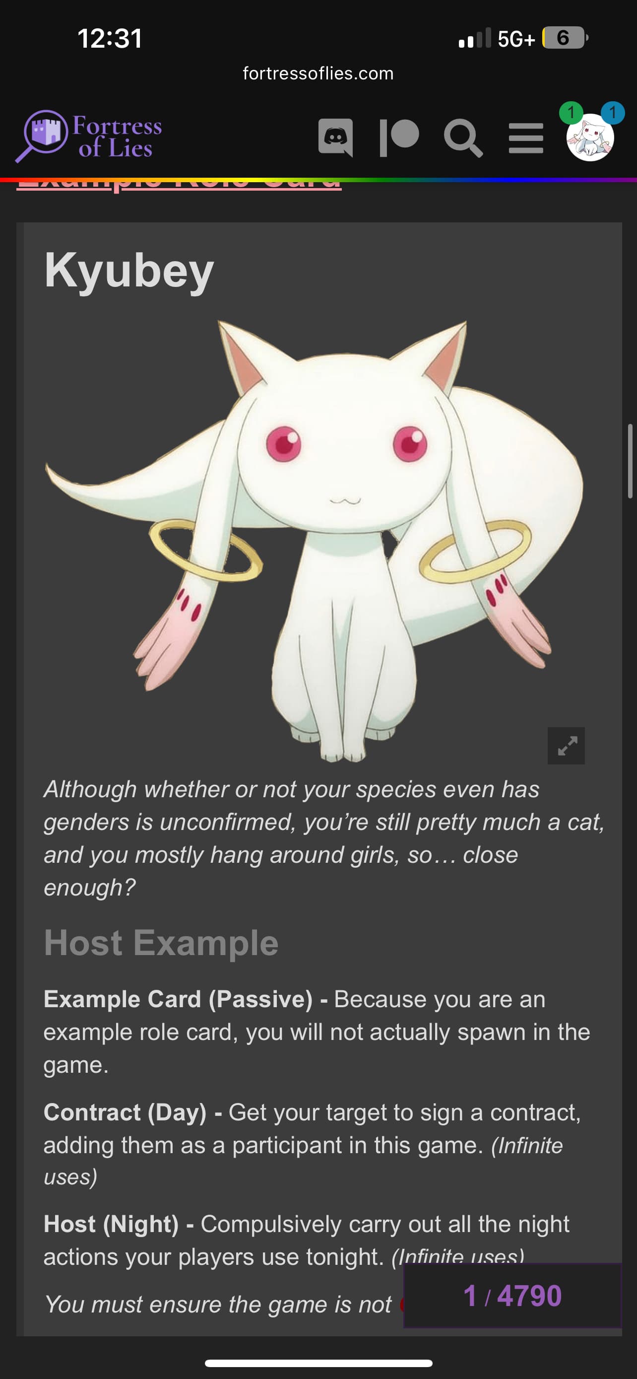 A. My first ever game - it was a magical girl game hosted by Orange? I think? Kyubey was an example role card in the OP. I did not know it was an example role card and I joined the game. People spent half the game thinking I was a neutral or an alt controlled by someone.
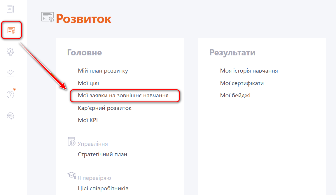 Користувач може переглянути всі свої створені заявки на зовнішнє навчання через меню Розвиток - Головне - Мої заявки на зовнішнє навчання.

++++++++++++++++++++

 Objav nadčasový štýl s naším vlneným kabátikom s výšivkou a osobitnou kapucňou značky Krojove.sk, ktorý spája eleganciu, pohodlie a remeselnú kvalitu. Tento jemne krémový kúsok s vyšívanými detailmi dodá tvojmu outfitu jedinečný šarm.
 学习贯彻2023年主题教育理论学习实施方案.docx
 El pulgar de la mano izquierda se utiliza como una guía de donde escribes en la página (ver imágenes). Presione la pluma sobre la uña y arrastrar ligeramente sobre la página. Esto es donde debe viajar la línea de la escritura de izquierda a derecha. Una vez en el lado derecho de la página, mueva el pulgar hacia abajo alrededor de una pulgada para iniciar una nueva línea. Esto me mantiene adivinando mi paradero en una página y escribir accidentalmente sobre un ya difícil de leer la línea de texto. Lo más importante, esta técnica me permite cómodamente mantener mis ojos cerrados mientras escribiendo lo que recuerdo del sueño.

++++++++++++++++++++

## Required action
Reproduce the listing above only between the lines holding "A. My first" and "Користувач може переглянути", inclusive. Every line must match exactly, and pictures are dropped.

## Answer box
 A. My first ever game - it was a magical girl game hosted by Orange? I think? Kyubey was an example role card in the OP. I did not know it was an example role card and I joined the game. People spent half the game thinking I was a neutral or an alt controlled by someone.
 Користувач може переглянути всі свої створені заявки на зовнішнє навчання через меню Розвиток - Головне - Мої заявки на зовнішнє навчання.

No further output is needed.